By Barbara Kollmeyer, MarketWatch
MADRID (MarketWatch) -- European stock markets were mostly lower on Friday as investors kept a close eye on events in Ireland, with German equities marking a lone bright spot a day after the DAX hit a new closing high for 2010.

The Stoxx Europe 600 index (ST:STOXX600 269.82, -1.33, -0.49%) fell 0.3% to 270.34, after a strong prior session in which it gained 1.4%.

Investors appeared to be unwilling to hold big positions in stocks ahead of the weekend and any news on Ireland’s crisis. Officials in Dublin are holding talks with European Union and International Monetary Fund representatives to reach a course of action to solve the current debt crisis. Ireland’s finance minister, Brian Lenihan, said Thursday that the nation would be open to a bailout plan to shore up the banking sector.

News that some sort of rescue plan was taking shape drove European and global stocks to gains on Thursday.

The Irish ISEQ index (XX:IEOP 2,797, +21.25, +0.77%) rose 0.5% to 2,789.21 on Friday, helped by a 7% gain for Allied Irish Banks (IE:AIB 0.44, +0.02, +4.57%) , which is due to report earnings Friday.

The German DAX 30 index (DX:DAX 6,831, -1.27, -0.02%) logged a new 2010 closing and 52-week high in the prior session, and was one of the few indexes in positive territory on Friday.

The index gained 0.1% to 6,839.78, with help from drug giant Bayer AG (DE:BAYN 57.89, +1.28, +2.26%) , which rose 2.4% the day after saying it will cut 4,500 positions by 2012 as part of a restructuring plan, taking a related one-time charge of 1 billion euros ($1.37 billion) expected by the end of that period.

Also up, shares of adhesive maker Henkel AG & Co. (DE:HEN3 46.41, +0.59, +1.28%) rose 1.8% after Barclays Capital upgraded it to overweight from equal weight, saying 2010 should “herald a period of attractive and less volatile profit growth.”
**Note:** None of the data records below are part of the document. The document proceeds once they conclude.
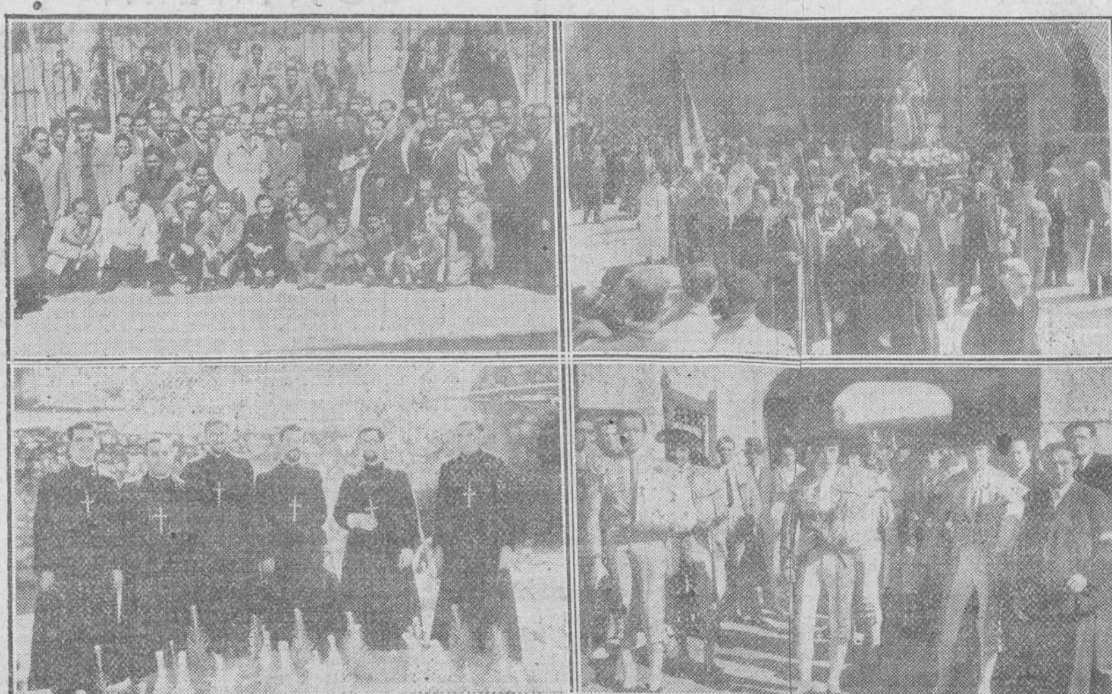
REPORTAJE DE «FEDE» SOBRE LOS ACTOS CELEBRADOS EL DOMINGO ULTIMO. — Arriba y de izquierda a derecha, grupo de tipógrafos a la salida de la fiesta religiosa celebrada con motivo de la fiesta de San Juan Ante Portam Latinam y un detalle de la procesión celebrada por los Obreros Católicos, en la festividad del Patrocinio de San José. — Abajo, grupo de los seis misioneros que recibieron el Santo Crucifijo a mediodía, de manos del Excelentísimo Sr. Arzobispo. Y, finalmente, momento de la salida de las cuadrillas en el festejo inaugural de la temporada taurina.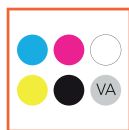
CMYK, Klar & Weiß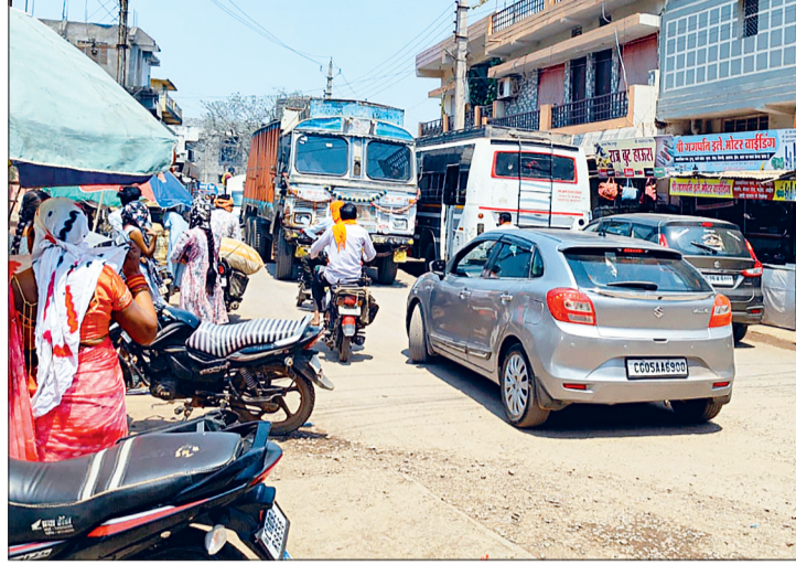
कारण भारी वाहनों को निकलने में समस्या होती है, जिससे जाम की स्थिति और गंभीर हो जाती है।

नगर के मुख्य स्थल भारत माता चौक, मल्लू चौक और अन्य प्रमुख सड़कों पर ट्रैफिक जाम की समस्या विकराल रूप लेती जा रही है। विशेषकर भारत माता चौक में हर 10 से 15 मिनट में वाहनों की लंबी कतारें लग जाती हैं, जिससे आम नागरिकों, वाहन चालकों और आपातकालीन सेवाओं को भारी असुविधा का सामना करना पड़ रहा है। चौक पर हर 10 मिनट में जाम लगने से आमजन को आवागमन में दिक्कत होती है। वहीं, सड़कों पर गड़्डों के कारण वाहन चालकों को परेशानी होती है। इसके साथ ही पार्किंग व्यवस्था सही नहीं होने के कारण लोगों को समस्याओं का सामना करना पड़ता है। नगर में समुचित पार्किंग की व्यवस्था नहीं होने से लोग सड़क किनारे वाहन खड़े कर देते हैं, जिससे ट्रैफिक बाधित होता है। अव्यवस्थित यातायात के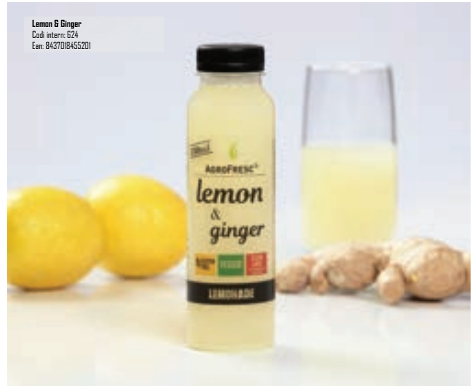
Lemon & Ginger Codi intern: 624 Ean: 8437018455201

El suc de taronja natural d'Agrofresc està elaborat amb taronges seleccionades de gran qualitat. Començar el dia amb un bon suc de taronja natural ens aporta energia i, a més, ens ajuda a purificar l'organisme i a millorar el moviment intestinal.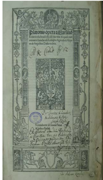
Figura 4 - 1518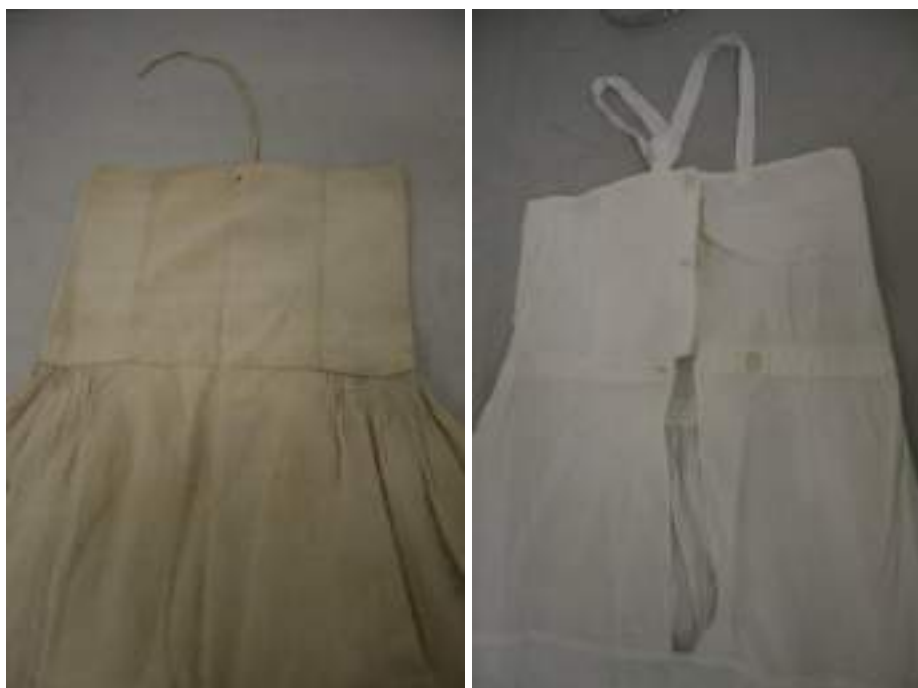
Obr. 137 Spodní košile-rubáč ušitý z konopného a lněného plátna z konce 19. století a košile z bavlněného plátna z 20. století (Ostrožsko)

Základní a nezbytnou součástí ženského slavnostního (ale i všedního lidového oděvu) byla spodní košile, tzv. rubáč . V uherskoostrožském krojovém okrsku nesahal už na konci 19. století pod spodní okraj svrchních sukní a ještě kolem roku 1920 nepoužívaly dívky další spodní sukně, které se rozšířily v polovině dvacátých let 20. století.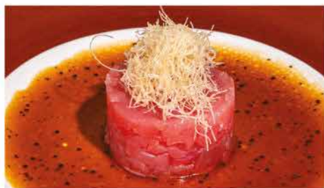
43. MAGURO TARTAR € 10,00 tartare di tonno, kataifi, salsa di soia e aceto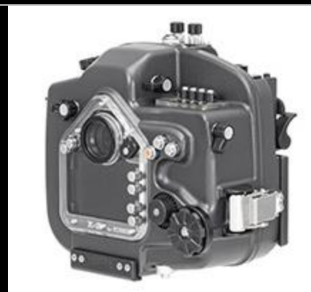
X-2 for EOS80D VC PF2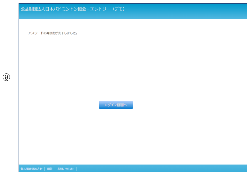
パスワード再設定完了画面

In France, the CAC 40 index (FR:PX1 3,861, -7.26, -0.19%) fell 0.1% to 3,864.86.

The FTSE 100 index (UK:UKX 5,728, -40.62, -0.70%) dropped 0.5% to 5,740.32. Shares of enterprise software firm Autonomy Corp. (UK:AU. 1,455, +56.00, +4.00%) bucked the negative trend to rise 2.9%.
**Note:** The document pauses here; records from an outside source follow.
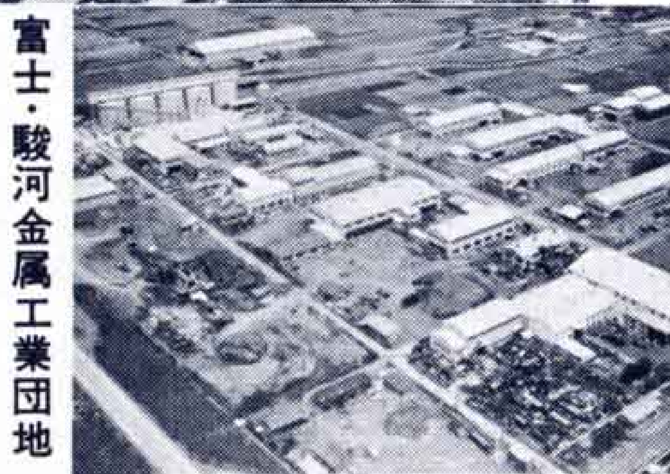
富士・駿河金属工業団地

一方国道一号線富士、由比バイパス南側の6万9000平方メートルの敷地に事業費3億2600万円をかけて造成された富士金属・駿河金属工業団地にも金型製造、機械など金属機械関係の工場が36社あります。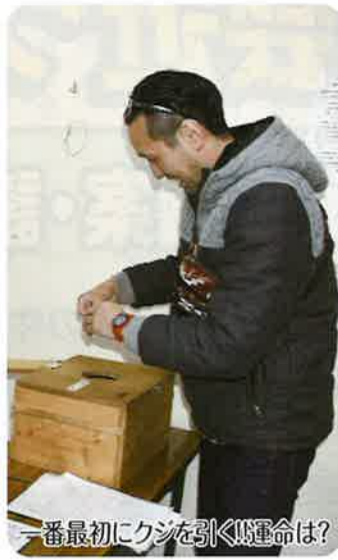
一番最初にクジを引く運命は?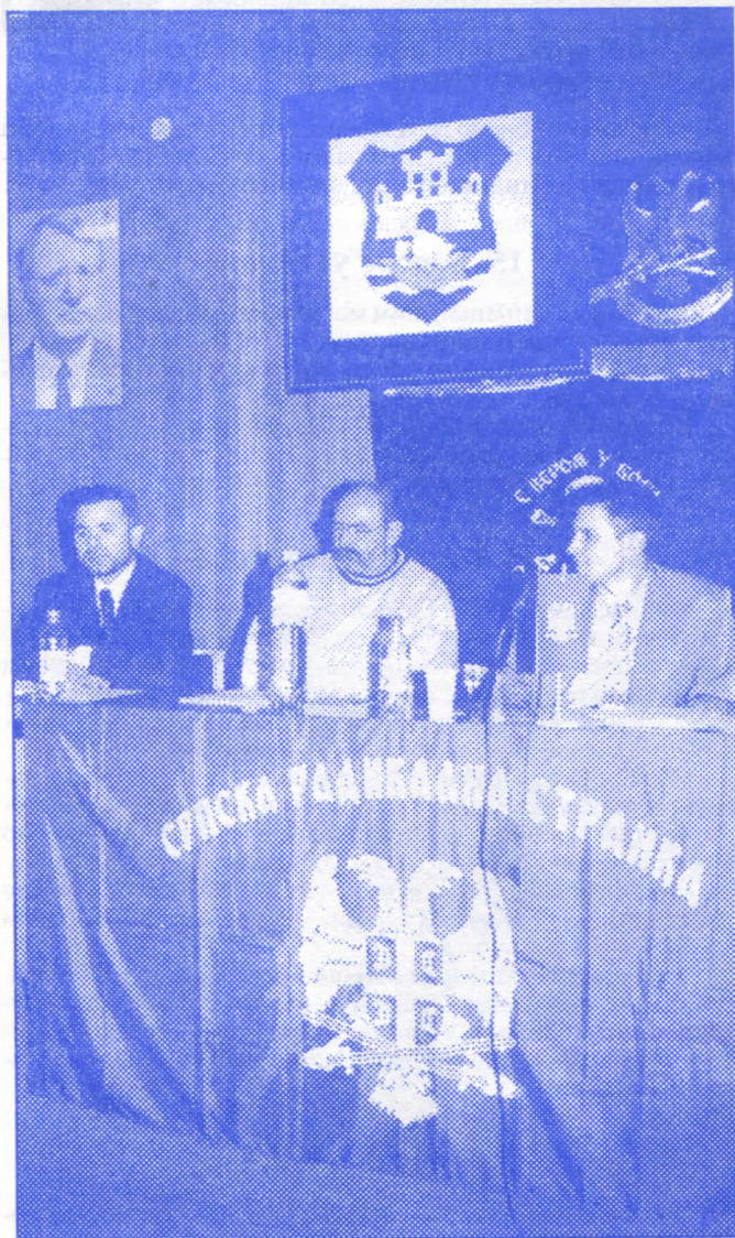
Председништво Општинског одбора Раковица

Страначком хроником на адекватан начин биће заступљене све странке које имају своје одборнике у СО.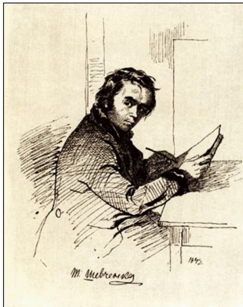
Self-portrait. Indian ink, 1843.

Коли б не Він, то й люди б нас не знали, Коли б не Він, про нас не чув би світ.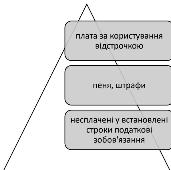
Рис.1 Склад податкового боргу

Склад податкового боргу відображено на рис.1

Shares of government contractor Capita Group (UK:CPI 670.50, -19.50, -2.83%) fell 2.5%, continuing to lose ground from Thursday’s announcement that public-spending cuts in Britain will hit its second-half revenue growth harder than expected.

In the Netherlands, shares of semiconductor equipment maker ASML Holding NV (ASML 32.89, +1.04, +3.27%) (NL:ASML 24.69, +0.57, +2.34%) rose 1.7% after its chief financial officer, Peter Wennink, reportedly said Friday that he expects capital expenditure in the sector to rise next year.

Wennink also said ASML will return extra cash to shareholders via buybacks and dividends, The Wall Street Journal reported.